*Provided data*:
^^^^^^^^

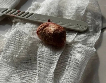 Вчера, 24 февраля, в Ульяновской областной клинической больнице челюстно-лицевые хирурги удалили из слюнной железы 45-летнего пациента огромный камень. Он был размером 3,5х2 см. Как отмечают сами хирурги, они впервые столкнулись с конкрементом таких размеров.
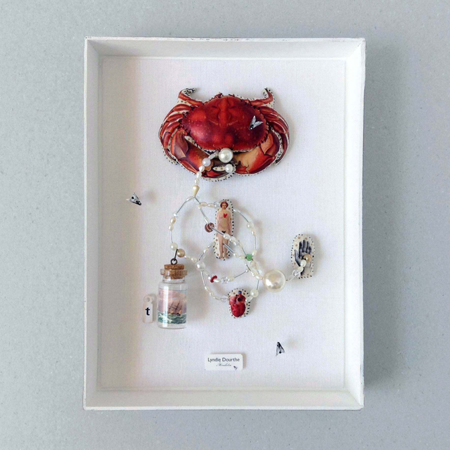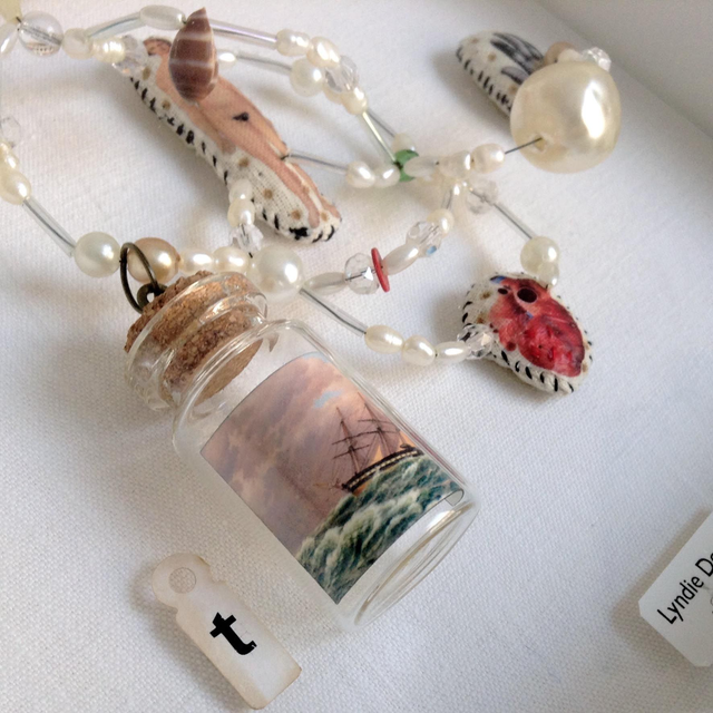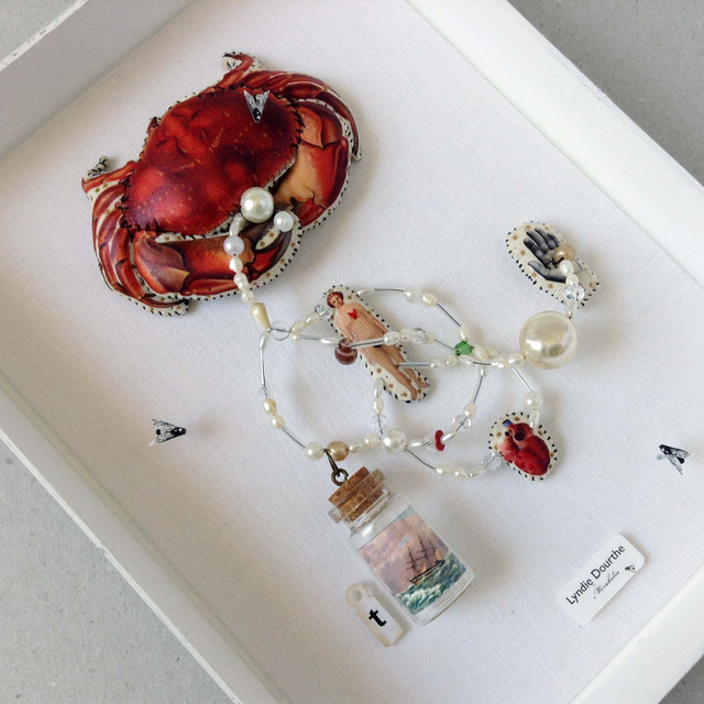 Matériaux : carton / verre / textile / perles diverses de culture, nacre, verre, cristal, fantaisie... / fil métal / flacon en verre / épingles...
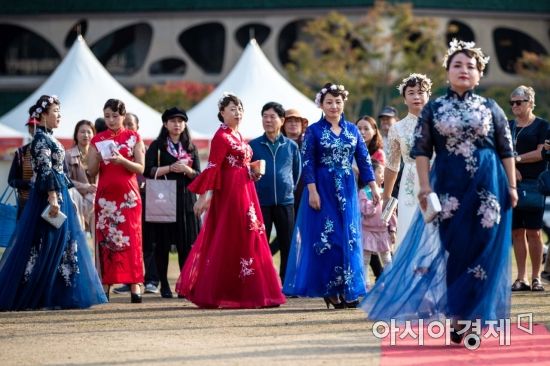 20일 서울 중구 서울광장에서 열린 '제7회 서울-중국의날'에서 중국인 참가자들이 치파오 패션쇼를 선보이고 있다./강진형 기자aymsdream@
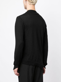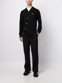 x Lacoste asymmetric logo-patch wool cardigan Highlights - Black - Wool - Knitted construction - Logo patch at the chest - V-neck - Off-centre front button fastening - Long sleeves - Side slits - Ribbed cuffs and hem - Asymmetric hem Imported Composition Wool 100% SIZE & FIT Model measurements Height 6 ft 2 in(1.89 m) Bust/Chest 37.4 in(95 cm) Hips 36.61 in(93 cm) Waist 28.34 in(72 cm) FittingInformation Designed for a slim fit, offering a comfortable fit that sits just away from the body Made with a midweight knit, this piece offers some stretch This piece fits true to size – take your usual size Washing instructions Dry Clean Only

^^^^^^^^

*Problem*: Repeat the listing in full and to the letter, excluding every image.

*Solution below*:
 Вчера, 24 февраля, в Ульяновской областной клинической больнице челюстно-лицевые хирурги удалили из слюнной железы 45-летнего пациента огромный камень. Он был размером 3,5х2 см. Как отмечают сами хирурги, они впервые столкнулись с конкрементом таких размеров.
 Matériaux : carton / verre / textile / perles diverses de culture, nacre, verre, cristal, fantaisie... / fil métal / flacon en verre / épingles...
 20일 서울 중구 서울광장에서 열린 '제7회 서울-중국의날'에서 중국인 참가자들이 치파오 패션쇼를 선보이고 있다./강진형 기자aymsdream@
 x Lacoste asymmetric logo-patch wool cardigan Highlights - Black - Wool - Knitted construction - Logo patch at the chest - V-neck - Off-centre front button fastening - Long sleeves - Side slits - Ribbed cuffs and hem - Asymmetric hem Imported Composition Wool 100% SIZE & FIT Model measurements Height 6 ft 2 in(1.89 m) Bust/Chest 37.4 in(95 cm) Hips 36.61 in(93 cm) Waist 28.34 in(72 cm) FittingInformation Designed for a slim fit, offering a comfortable fit that sits just away from the body Made with a midweight knit, this piece offers some stretch This piece fits true to size – take your usual size Washing instructions Dry Clean Only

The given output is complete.